[Extracted records]
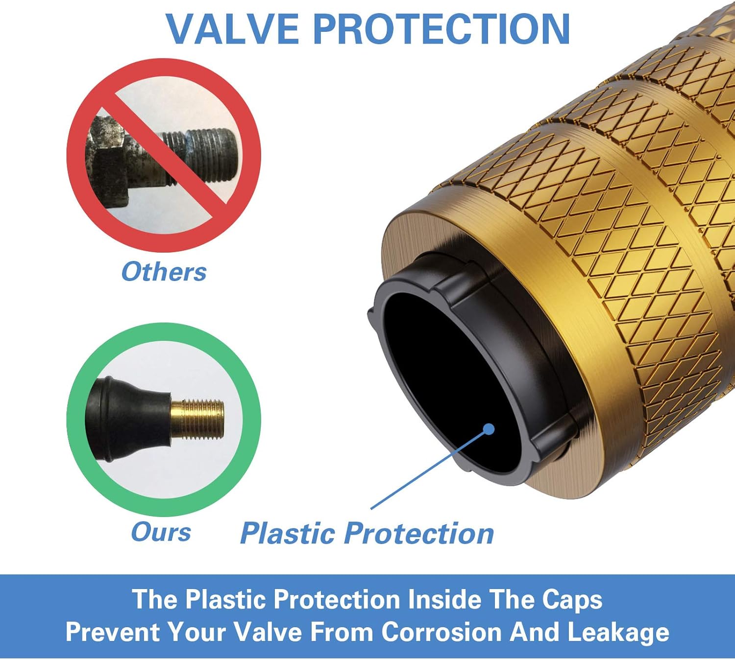 - Special Design – Metal materials are prone to rust in the presence of water and oxygen, which may lead to corrosion on valve body. The plastic inner valve caps design combines the attribution of corrosion resistance of plastic and the stylish look of metal
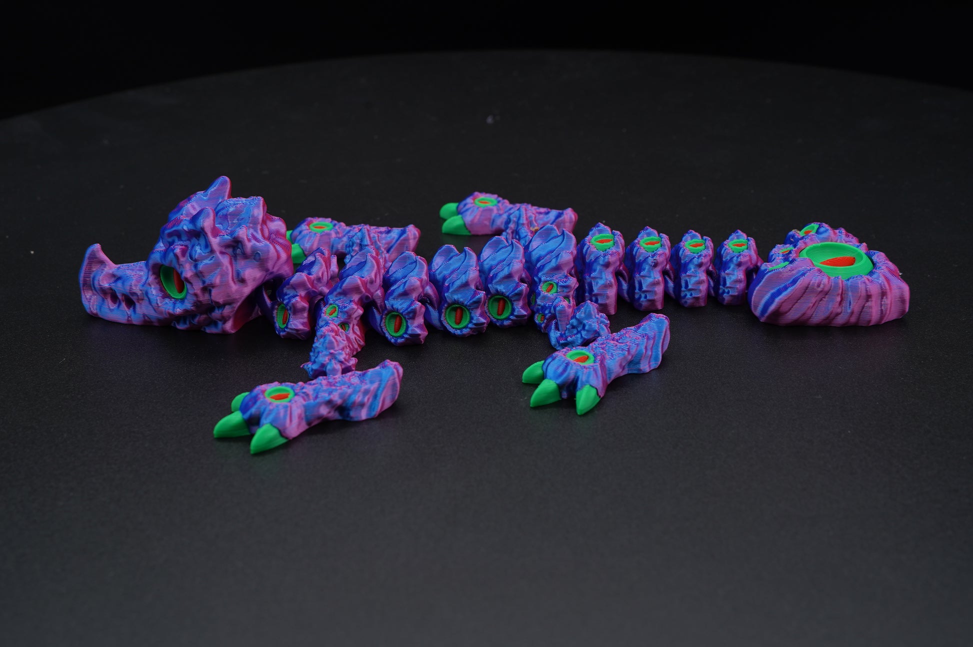 This articulated dragon features expressive eyes, a segmented flexible body, and poseable legs that allow gentle movement and positioning. Its distinctive textured scale pattern covering the entire body, dramatic spikes along the spine, elegant curved tail, and intricate detailing give it a magical yet mysterious appearance, capturing the enchanting spirit of a cursed dragon in a compact, impressive form.
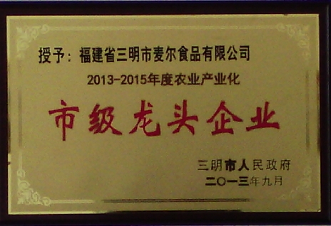 2013年10月15日,我司榮獲2013—2015年度農(nóng)業(yè)產(chǎn)業(yè)化“市級(jí)龍頭企業(yè)”稱號(hào),這是我司連續(xù)第3次榮獲此項(xiàng)殊榮。
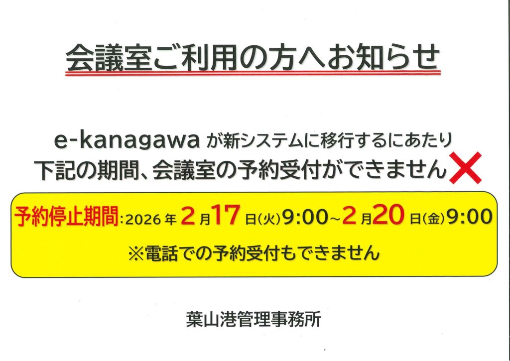 e-kanagawaが新システムに移行するにあたり、下記の期間は、会議室の予約受付ができません。
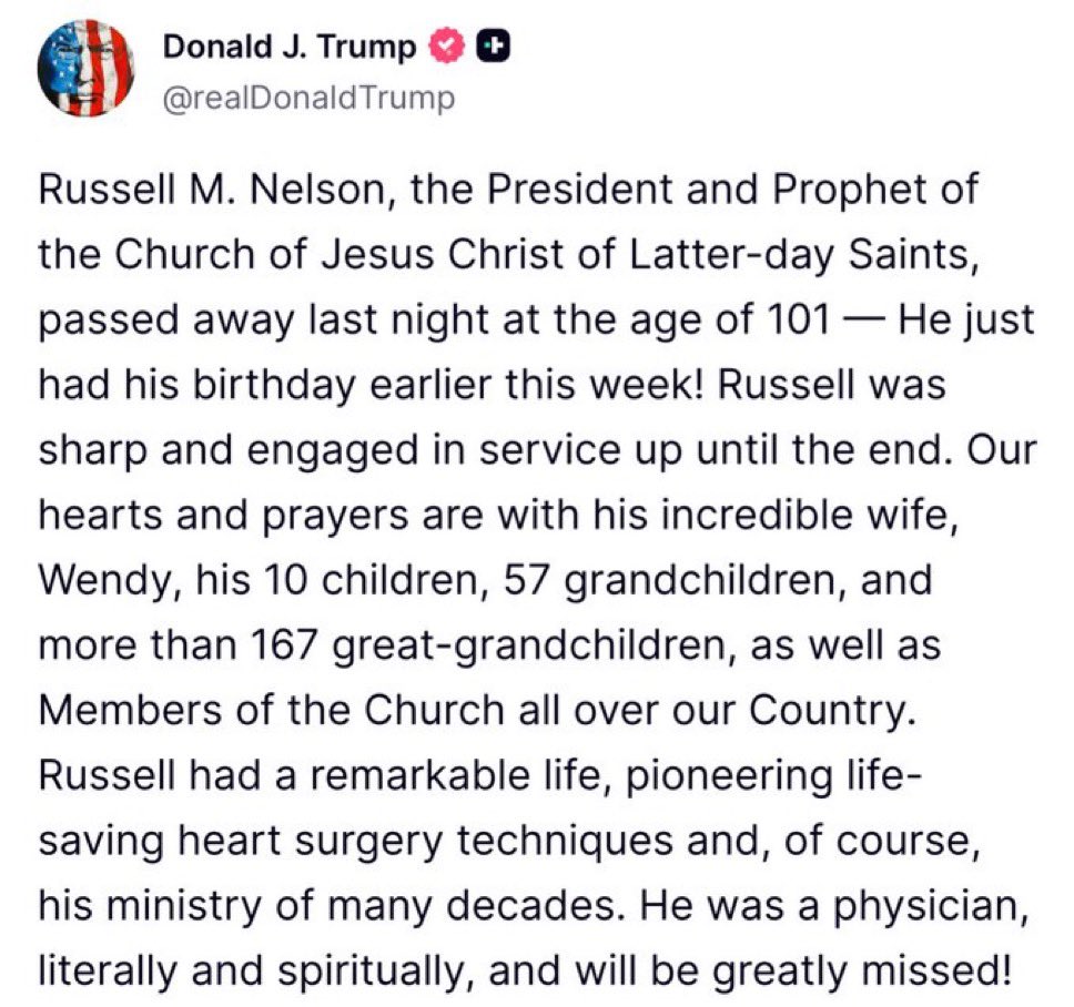 Elder Dallin H. Oaks, former First Counselor in the First Presidency, is set to be the next Prophet. https://www.abc4.com/news/religion/president-lds-church-russell-m-nelson-dies/
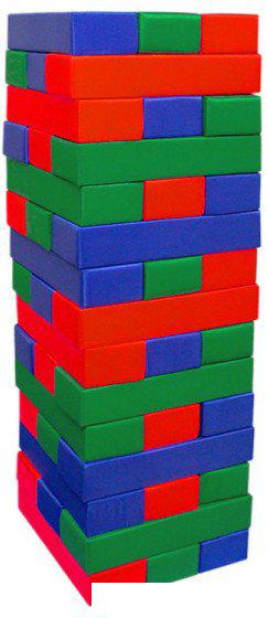 Описание ✅ Набор мягких модулей Большая Дженга состоит из мягких брусков, чехлы которых сшиты из тента ПВХ, а наполнитель - прочный поролон (ППУ — пенополиуретан плотностью 19.3 кг/м3). | |
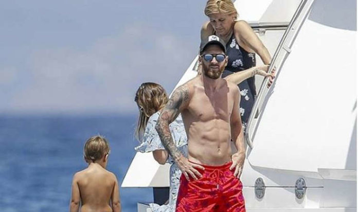 Barcelona player Lionel Messi was spotted with his family enjoying a vacation in Ibiza.
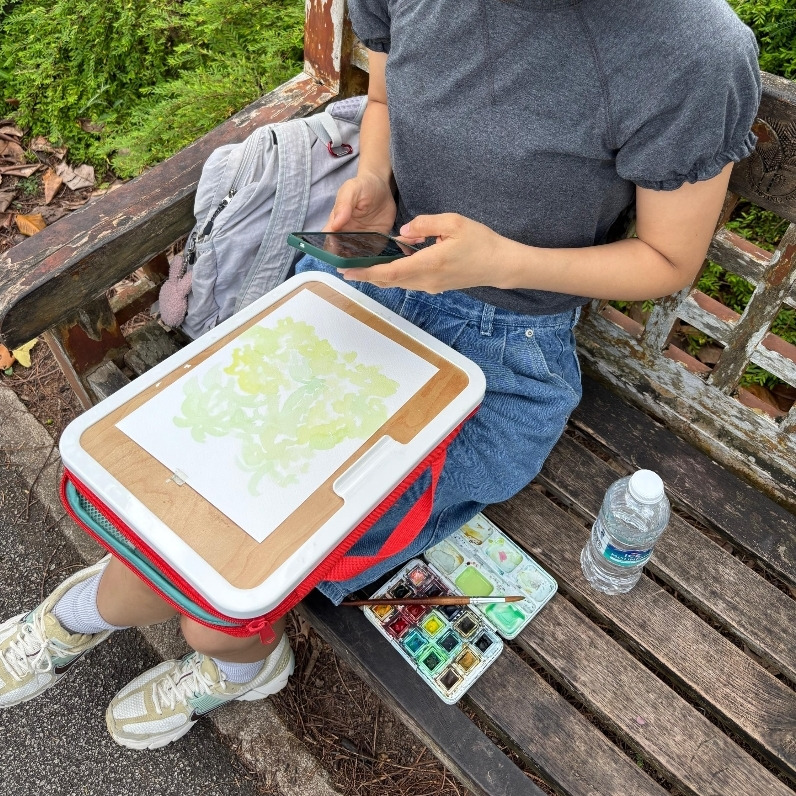 새소리를 들으며 행복하게 호수에 앉아서 그림을 그리는데 어떤 외국인이 오기에 말 걸지 마라 말 걸지 마라 기도했건만... 할아버지께서 말을 거셨다... 난 정말 모르는 사람이랑 스몰토크 하는 걸 너무 싫어하는데... 나한테 본인도 그림을 그린다면서 친구 하자고, 사진도 같이 찍고... 극 내향형 인간인 나에게는 고맙고도 괴로웠던 시간이었으나 할 건 다했다고 한다. ㅋㅋㅋ
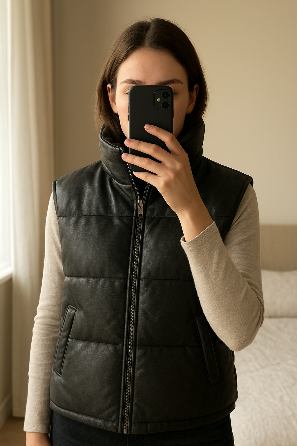 Doudoune sans manches Zara cuir debout, face à la caméra, dans une chambre à la lumière douce, avec une lumière naturelle filtrant par la fenêtre.
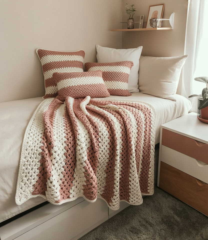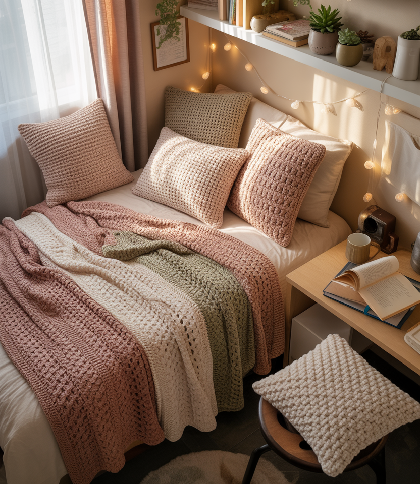 Stitched blankets and handmade accents made from crochet have become a favorite among decor enthusiasts because they add tactile comfort without visual noise. Dorm rooms benefit from these soft layers, especially in neutral or pastel color schemes that make the space feel lived-in. Friends of mine swap handmade pieces each year, giving their rooms sentimental personality and warmth.
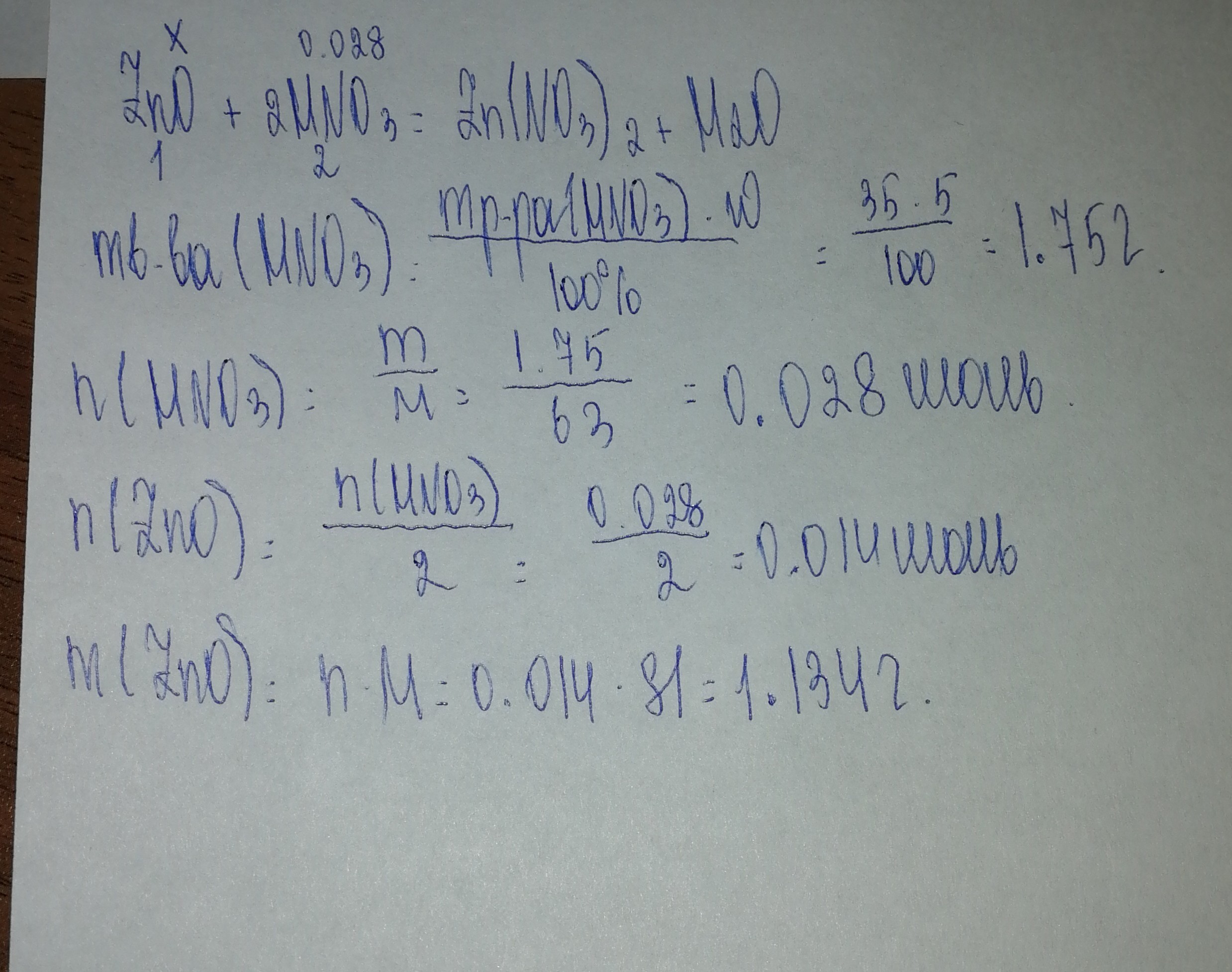Найти массу оксида цинка, выдилившегося при взаимодействии с 35г 5%-го раствора азотной кислоты. ZnO+2HNO₃ → Zn(NO₃)₂+H₂O
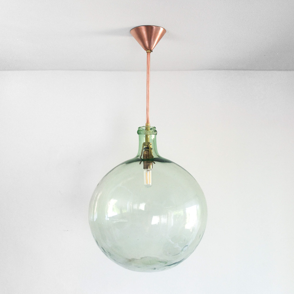 25L of air contained in a hand blown glass bubble, discovered in the depths of France suspended from a copper and brass hanging mechanism. The wine is all gone though.
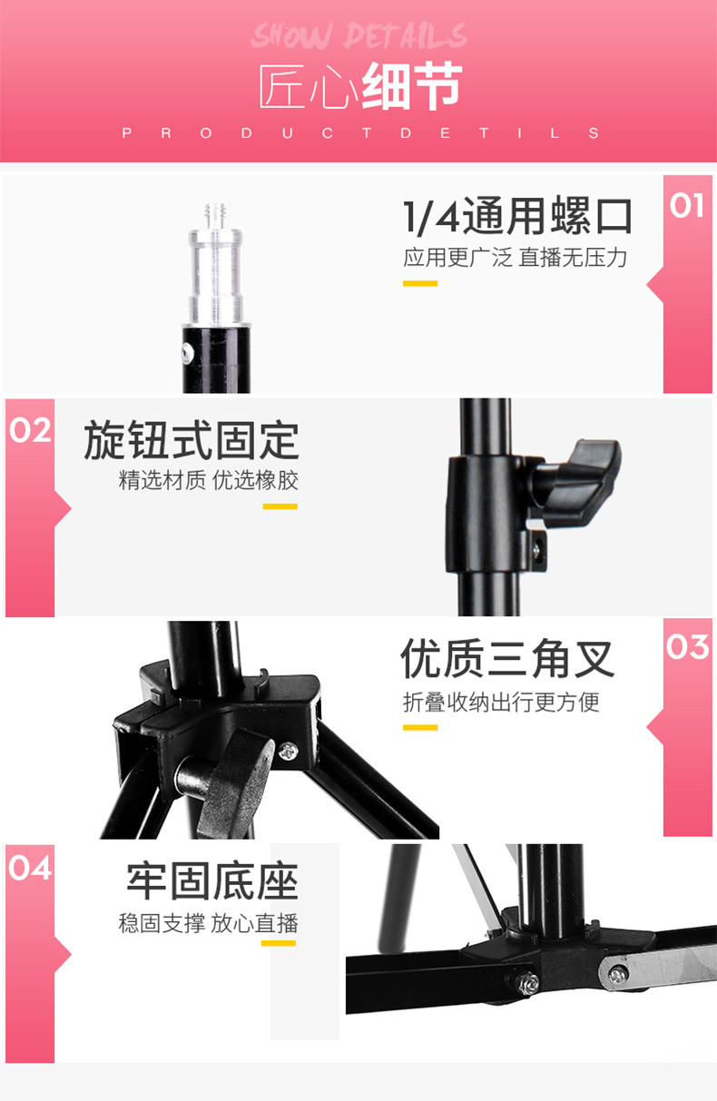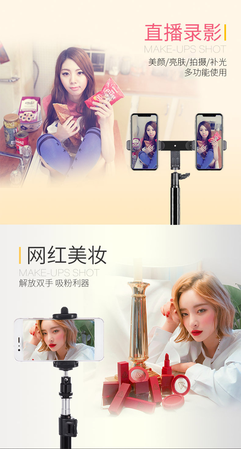 휴대폰 라이브 방송 스탠드, 사진 촬영 삼각대, 앵커 셀카, 틱톡 사진 삼각대, 보조 조명, 접이식, 뷰티라이트스토어 가기
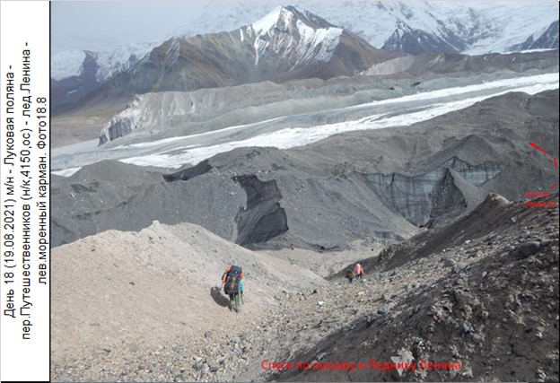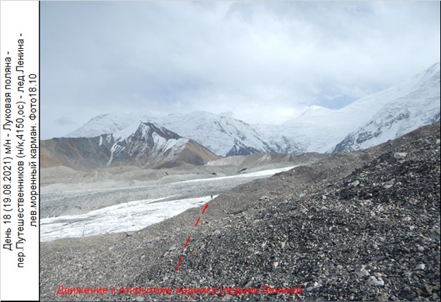 Далее начинаем спуск по тропе (фото 18.6). В ходе движения присматриваем варианты спуска на ледник Ленина (сама тропа уходит вверх над скалами к лагерю 1, нам же нужно пересечь ледник Ленина раньше). Приемлемый вариант спуска находим спустя примерно 40 минут движения осыпной кулуар до небольшого русла реки на границе ледника, откуда подъем на ледник достаточно пологий (фото 18.7). Спуск требует самостраховки ледорубом, но в целом сложности не представляет (фото 18.8).
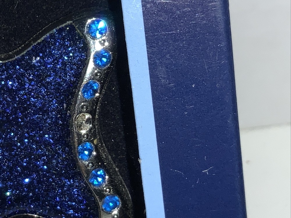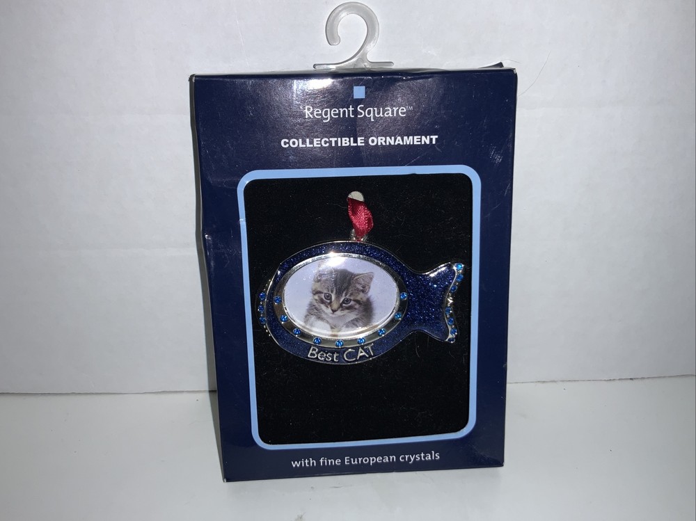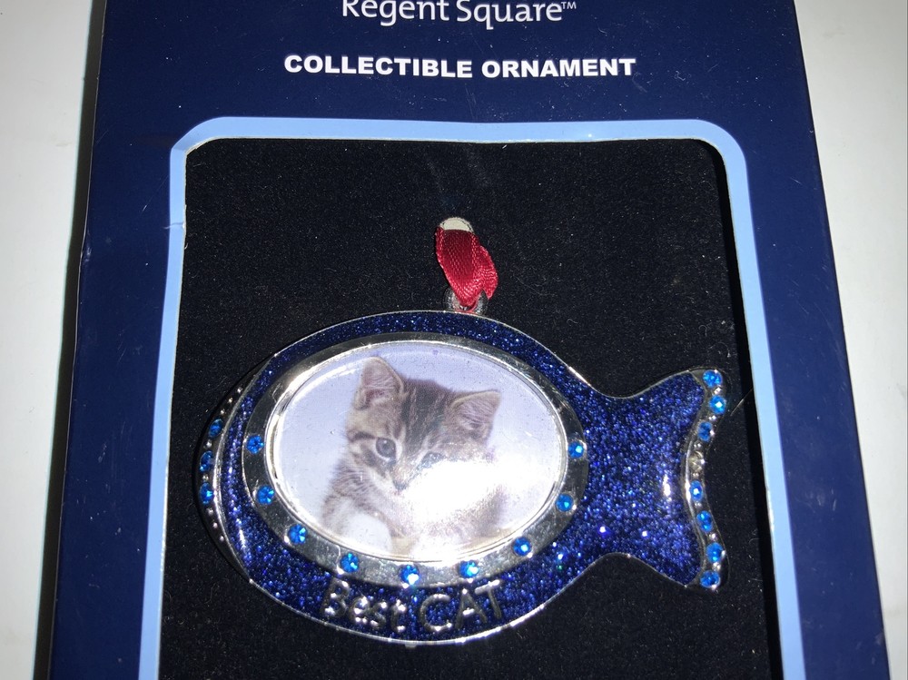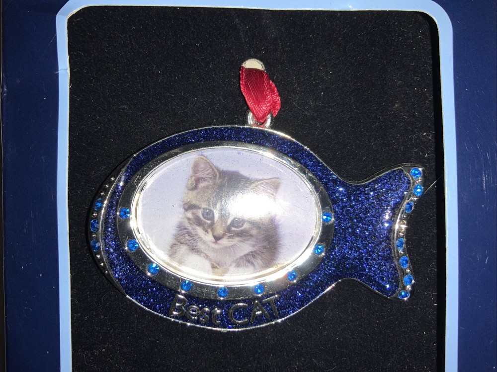 Regent Square Studio Design Best Cat Ornament Fish Shaped Photo Frame. Small photo. 1.5” Long x 1.25” High Blue enamel with European Crystals. 1 blue stone missing on tail. Shown in close up photo. Perfect for a small picture of your cat. Will make a perfect stocking stuffer Or a gift for a cat lover. Please look at photos, local pick up is available in Fort Worth

- REQUIREMENT
Write the records out exactly once more, leaving off the pictures.

- EXERCISE ANSWER
 - Special Design – Metal materials are prone to rust in the presence of water and oxygen, which may lead to corrosion on valve body. The plastic inner valve caps design combines the attribution of corrosion resistance of plastic and the stylish look of metal
 This articulated dragon features expressive eyes, a segmented flexible body, and poseable legs that allow gentle movement and positioning. Its distinctive textured scale pattern covering the entire body, dramatic spikes along the spine, elegant curved tail, and intricate detailing give it a magical yet mysterious appearance, capturing the enchanting spirit of a cursed dragon in a compact, impressive form.
 2013年10月15日,我司榮獲2013—2015年度農(nóng)業(yè)產(chǎn)業(yè)化“市級(jí)龍頭企業(yè)”稱號(hào),這是我司連續(xù)第3次榮獲此項(xiàng)殊榮。
 e-kanagawaが新システムに移行するにあたり、下記の期間は、会議室の予約受付ができません。
 Elder Dallin H. Oaks, former First Counselor in the First Presidency, is set to be the next Prophet. https://www.abc4.com/news/religion/president-lds-church-russell-m-nelson-dies/
 Описание ✅ Набор мягких модулей Большая Дженга состоит из мягких брусков, чехлы которых сшиты из тента ПВХ, а наполнитель - прочный поролон (ППУ — пенополиуретан плотностью 19.3 кг/м3). | |
 Barcelona player Lionel Messi was spotted with his family enjoying a vacation in Ibiza.
 새소리를 들으며 행복하게 호수에 앉아서 그림을 그리는데 어떤 외국인이 오기에 말 걸지 마라 말 걸지 마라 기도했건만... 할아버지께서 말을 거셨다... 난 정말 모르는 사람이랑 스몰토크 하는 걸 너무 싫어하는데... 나한테 본인도 그림을 그린다면서 친구 하자고, 사진도 같이 찍고... 극 내향형 인간인 나에게는 고맙고도 괴로웠던 시간이었으나 할 건 다했다고 한다. ㅋㅋㅋ
 Doudoune sans manches Zara cuir debout, face à la caméra, dans une chambre à la lumière douce, avec une lumière naturelle filtrant par la fenêtre.
 Stitched blankets and handmade accents made from crochet have become a favorite among decor enthusiasts because they add tactile comfort without visual noise. Dorm rooms benefit from these soft layers, especially in neutral or pastel color schemes that make the space feel lived-in. Friends of mine swap handmade pieces each year, giving their rooms sentimental personality and warmth.
Найти массу оксида цинка, выдилившегося при взаимодействии с 35г 5%-го раствора азотной кислоты. ZnO+2HNO₃ → Zn(NO₃)₂+H₂O
 25L of air contained in a hand blown glass bubble, discovered in the depths of France suspended from a copper and brass hanging mechanism. The wine is all gone though.
 휴대폰 라이브 방송 스탠드, 사진 촬영 삼각대, 앵커 셀카, 틱톡 사진 삼각대, 보조 조명, 접이식, 뷰티라이트스토어 가기
 Далее начинаем спуск по тропе (фото 18.6). В ходе движения присматриваем варианты спуска на ледник Ленина (сама тропа уходит вверх над скалами к лагерю 1, нам же нужно пересечь ледник Ленина раньше). Приемлемый вариант спуска находим спустя примерно 40 минут движения осыпной кулуар до небольшого русла реки на границе ледника, откуда подъем на ледник достаточно пологий (фото 18.7). Спуск требует самостраховки ледорубом, но в целом сложности не представляет (фото 18.8).
 Regent Square Studio Design Best Cat Ornament Fish Shaped Photo Frame. Small photo. 1.5” Long x 1.25” High Blue enamel with European Crystals. 1 blue stone missing on tail. Shown in close up photo. Perfect for a small picture of your cat. Will make a perfect stocking stuffer Or a gift for a cat lover. Please look at photos, local pick up is available in Fort Worth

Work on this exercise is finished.